Here's why this matters for Ontarians: LDCT screening in high-risk populations reduces lung cancer mortality by approximately 20%, according to the NELSON and NLST trials cited in international screening guidelines. But the mortality benefit only accrues if eligible people actually get scanned. If half the province's cancers are still caught at Stage 4, most of those patients were either never referred, never followed through on a referral, or were not eligible under current OLSP criteria despite carrying substantial risk.
The report's structural insight is important: the program's clinical design is not the bottleneck. The bottleneck is at the front end — awareness, referral pathways, primary care capacity, and equity of access. That reframes the problem for policymakers and for individual Ontarians. The action is not "improve the CT scan" but "get more eligible people into the pipeline."
Historical Context:
Ontario piloted lung cancer screening beginning in 2017 at three sites (Ottawa, Hamilton, Thunder Bay). The program achieved full provincial status in early 2026, just weeks before this July 8 report. That means the current baseline captures a system in the middle of expansion — the outcomes in this report reflect early-phase reach, and the trajectory over the next five years should improve if uptake accelerates. Colorectal and breast cancer screening followed a similar arc: modest reach in the first years, substantial gains as awareness spread through primary care and community outreach.
What Happens Next:
- Second half of 2026: OLSP expansion continues to new hospital sites across Ontario. Watch your regional health authority for announcements.
- 2027–2028: Expect Cancer Care Ontario to publish updated equity-stratified data, closing the gaps this report flags.

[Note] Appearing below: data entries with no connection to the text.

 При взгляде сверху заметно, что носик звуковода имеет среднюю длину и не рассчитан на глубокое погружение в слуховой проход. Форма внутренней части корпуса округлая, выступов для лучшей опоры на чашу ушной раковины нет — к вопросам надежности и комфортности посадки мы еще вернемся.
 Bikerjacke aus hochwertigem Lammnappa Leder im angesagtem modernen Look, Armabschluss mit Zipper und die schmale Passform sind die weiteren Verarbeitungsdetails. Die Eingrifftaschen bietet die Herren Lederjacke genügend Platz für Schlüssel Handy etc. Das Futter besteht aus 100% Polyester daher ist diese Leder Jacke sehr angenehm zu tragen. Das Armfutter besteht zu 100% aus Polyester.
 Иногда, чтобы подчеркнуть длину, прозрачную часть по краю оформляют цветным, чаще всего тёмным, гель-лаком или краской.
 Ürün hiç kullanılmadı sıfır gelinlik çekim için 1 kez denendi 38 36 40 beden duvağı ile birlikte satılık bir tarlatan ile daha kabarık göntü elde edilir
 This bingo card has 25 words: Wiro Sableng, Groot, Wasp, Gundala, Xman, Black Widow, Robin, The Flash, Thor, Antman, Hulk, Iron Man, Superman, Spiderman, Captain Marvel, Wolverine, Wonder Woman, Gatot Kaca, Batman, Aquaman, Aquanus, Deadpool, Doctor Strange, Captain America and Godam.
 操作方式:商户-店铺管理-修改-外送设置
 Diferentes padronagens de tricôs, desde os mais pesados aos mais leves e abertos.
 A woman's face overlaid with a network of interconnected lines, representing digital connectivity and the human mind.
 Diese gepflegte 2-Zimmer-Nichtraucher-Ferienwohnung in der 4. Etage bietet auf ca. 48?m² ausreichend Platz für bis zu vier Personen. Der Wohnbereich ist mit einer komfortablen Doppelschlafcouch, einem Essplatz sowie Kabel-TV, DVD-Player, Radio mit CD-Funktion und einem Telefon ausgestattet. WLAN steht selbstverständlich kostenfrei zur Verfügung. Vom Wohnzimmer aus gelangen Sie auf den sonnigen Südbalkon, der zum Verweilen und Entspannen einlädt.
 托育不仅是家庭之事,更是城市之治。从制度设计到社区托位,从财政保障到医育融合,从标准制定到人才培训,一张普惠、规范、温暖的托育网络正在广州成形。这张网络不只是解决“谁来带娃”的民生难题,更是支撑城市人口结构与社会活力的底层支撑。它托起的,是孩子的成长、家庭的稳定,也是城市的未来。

- 2028–2035: The report explicitly frames its recommendations as "priorities for 2035," aligning with Ontario's broader cancer plan horizon. Expect provincial budget commitments in future Ontario budgets tied to expanding OLSP access, primary-care capacity and radon mitigation.
- Federal level: The Canadian Cancer Society's National Lung Cancer Action Plan aims for a 30% reduction in lung cancer deaths. Ontario's performance will be a critical input to that national target.
Your Action Plan
Immediate (This Week):
- Estimate your (or a family member's) pack-years and 6-year risk with the PLCOm2012 calculator
- Book a family doctor appointment or call Health811 (dial 811)
- Order a long-term radon test kit for your home (~$30–$60)
Short-term (This Month):
- Complete the OLSP referral and intake call
- Schedule the low-dose CT scan
- If eligible, discuss smoking cessation support (Smokers' Helpline: 1-877-513-5333)
Long-term (This Year):
- Complete first annual LDCT scan
- Test home radon over a minimum 91-day period
- Support family members and friends in the 55–74 age band to enrol
- Follow updates from Cancer Care Ontario on OLSP site expansion in your region
Other Perspectives
Government/Health System View:
According to Cancer Care Ontario's public program materials, the OLSP has been intentionally staged to build capacity carefully — starting at high-volume centres and expanding regionally as CT and navigator capacity allow. The province achieved full provincial status in early 2026, and Ontario Health has publicly committed to further expansion during 2026.
Lung Health Foundation View:
As reported by GlobeNewswire, the Foundation's report frames the current results as a "call to action" rather than a failure — emphasizing that the program is world-class but under-utilized, and that closing the reach gap could meaningfully move Ontario's 29% five-year survival rate.
Clinician View:
According to the Ottawa Hospital's public commentary on cancer screening, front-line clinicians have consistently cited primary care capacity constraints and screening stigma as the main barriers to lung cancer screening uptake — not clinical design.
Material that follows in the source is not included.